**EXERCISE**
Span requested from the data below: the line with "Опис до товару: Радіатор" through the line with "Tỷ số có khả năng xảy ra nhất", both included. Give only these lines again, exactly, and leave every picture out.

**RECORD EXCERPTS**
□ □ □

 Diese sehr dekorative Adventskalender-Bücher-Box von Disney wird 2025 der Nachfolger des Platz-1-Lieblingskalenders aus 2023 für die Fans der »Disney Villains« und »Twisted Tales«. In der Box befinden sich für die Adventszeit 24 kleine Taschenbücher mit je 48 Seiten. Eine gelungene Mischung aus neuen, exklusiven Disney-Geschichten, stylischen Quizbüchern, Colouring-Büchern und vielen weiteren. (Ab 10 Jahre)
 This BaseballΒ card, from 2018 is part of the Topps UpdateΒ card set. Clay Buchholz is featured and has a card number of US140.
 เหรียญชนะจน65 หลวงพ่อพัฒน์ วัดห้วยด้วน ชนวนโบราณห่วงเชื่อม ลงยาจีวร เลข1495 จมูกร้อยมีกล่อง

□ □ □

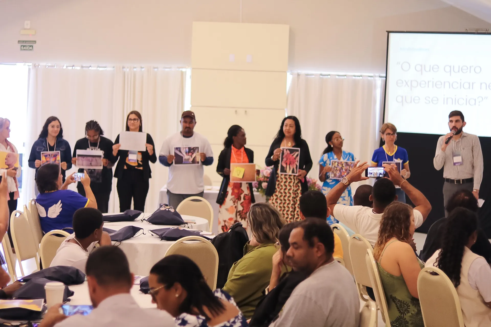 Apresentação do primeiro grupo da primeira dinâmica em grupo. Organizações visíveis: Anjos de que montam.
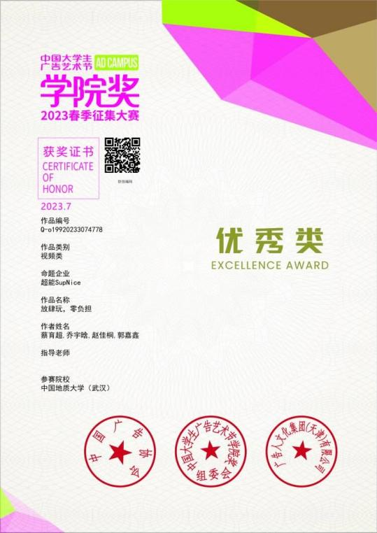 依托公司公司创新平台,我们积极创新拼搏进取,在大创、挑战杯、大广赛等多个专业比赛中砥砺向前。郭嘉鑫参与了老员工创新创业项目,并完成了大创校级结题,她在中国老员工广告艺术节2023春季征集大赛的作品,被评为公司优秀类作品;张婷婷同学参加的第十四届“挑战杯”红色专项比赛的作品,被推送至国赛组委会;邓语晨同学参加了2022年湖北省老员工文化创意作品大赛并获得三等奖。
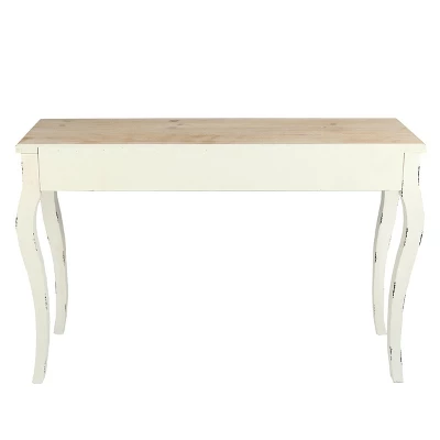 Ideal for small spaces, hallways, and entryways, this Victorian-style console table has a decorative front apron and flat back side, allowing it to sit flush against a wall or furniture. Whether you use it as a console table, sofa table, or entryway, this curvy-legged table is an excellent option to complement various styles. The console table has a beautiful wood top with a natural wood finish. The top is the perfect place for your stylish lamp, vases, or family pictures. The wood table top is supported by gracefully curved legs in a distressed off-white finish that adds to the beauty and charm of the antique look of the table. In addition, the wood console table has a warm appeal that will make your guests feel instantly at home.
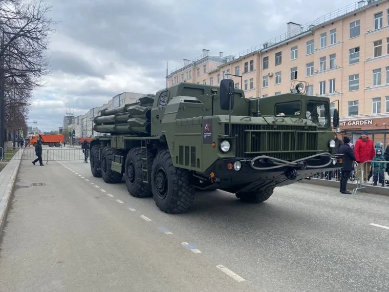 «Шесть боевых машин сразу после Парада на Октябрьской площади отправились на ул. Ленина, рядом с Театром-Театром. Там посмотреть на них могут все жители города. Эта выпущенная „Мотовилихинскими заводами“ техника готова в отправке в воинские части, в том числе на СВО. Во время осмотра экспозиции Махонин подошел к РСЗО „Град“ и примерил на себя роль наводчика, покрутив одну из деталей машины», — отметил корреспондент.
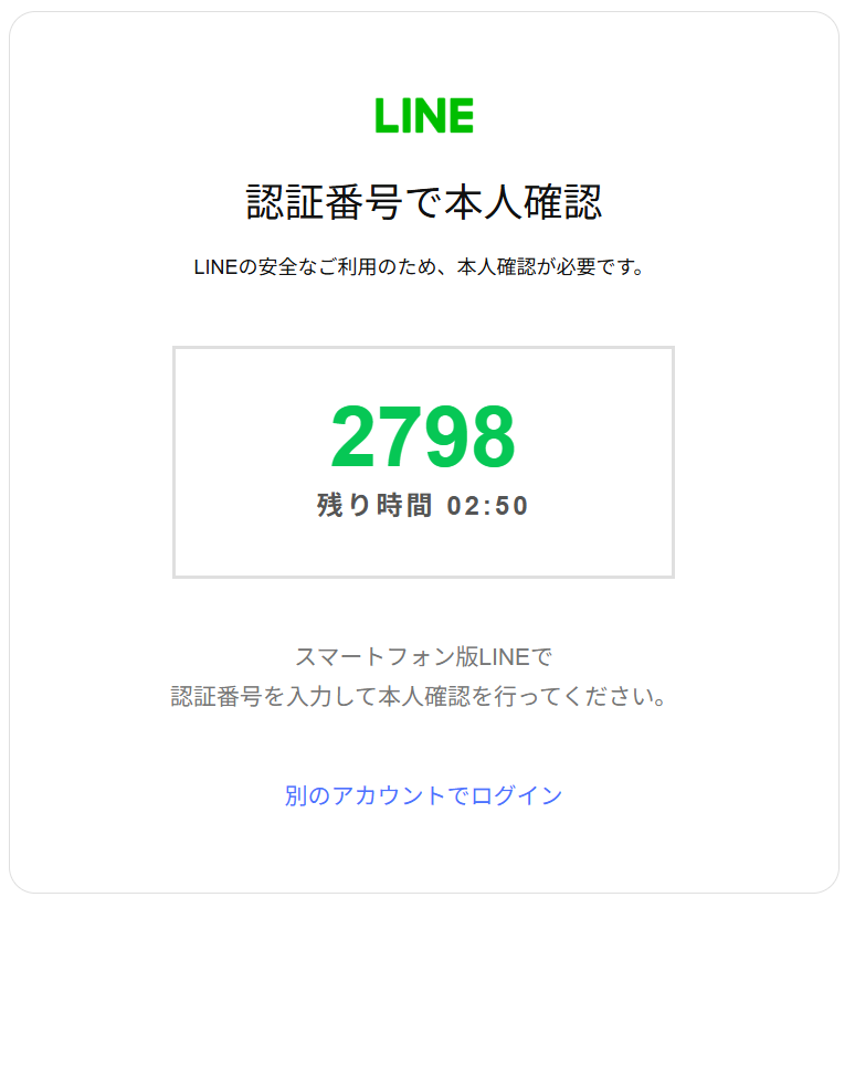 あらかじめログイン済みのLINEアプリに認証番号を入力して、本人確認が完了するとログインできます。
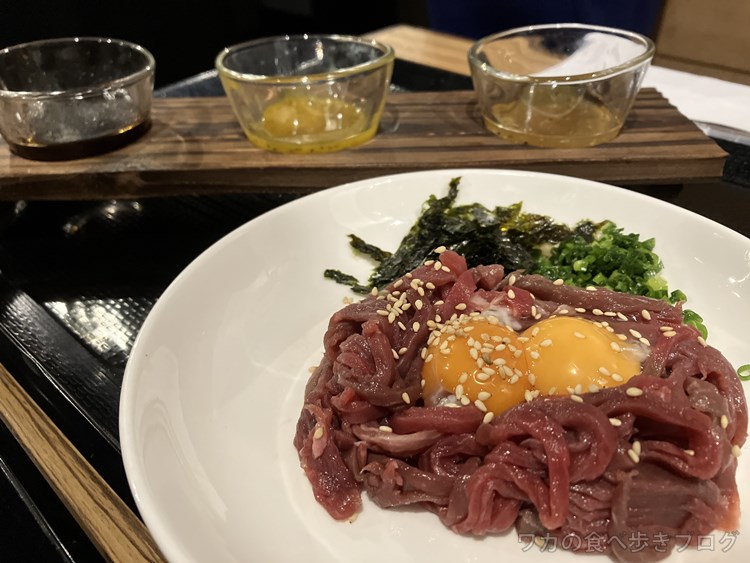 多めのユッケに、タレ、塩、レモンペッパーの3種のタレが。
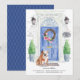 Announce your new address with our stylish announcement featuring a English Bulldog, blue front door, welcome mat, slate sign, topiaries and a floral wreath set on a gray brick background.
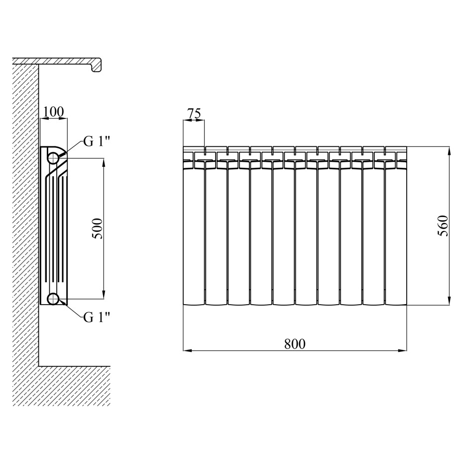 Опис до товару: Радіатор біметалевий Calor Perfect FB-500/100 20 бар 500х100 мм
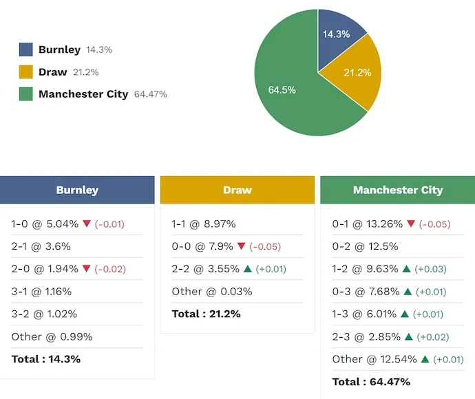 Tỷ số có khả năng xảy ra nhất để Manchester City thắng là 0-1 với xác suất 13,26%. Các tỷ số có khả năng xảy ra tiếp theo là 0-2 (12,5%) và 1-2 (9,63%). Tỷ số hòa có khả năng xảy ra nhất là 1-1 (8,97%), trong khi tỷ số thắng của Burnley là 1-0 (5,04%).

□ □ □

**TASK SOLUTION**
 Опис до товару: Радіатор біметалевий Calor Perfect FB-500/100 20 бар 500х100 мм
 Tỷ số có khả năng xảy ra nhất để Manchester City thắng là 0-1 với xác suất 13,26%. Các tỷ số có khả năng xảy ra tiếp theo là 0-2 (12,5%) và 1-2 (9,63%). Tỷ số hòa có khả năng xảy ra nhất là 1-1 (8,97%), trong khi tỷ số thắng của Burnley là 1-0 (5,04%).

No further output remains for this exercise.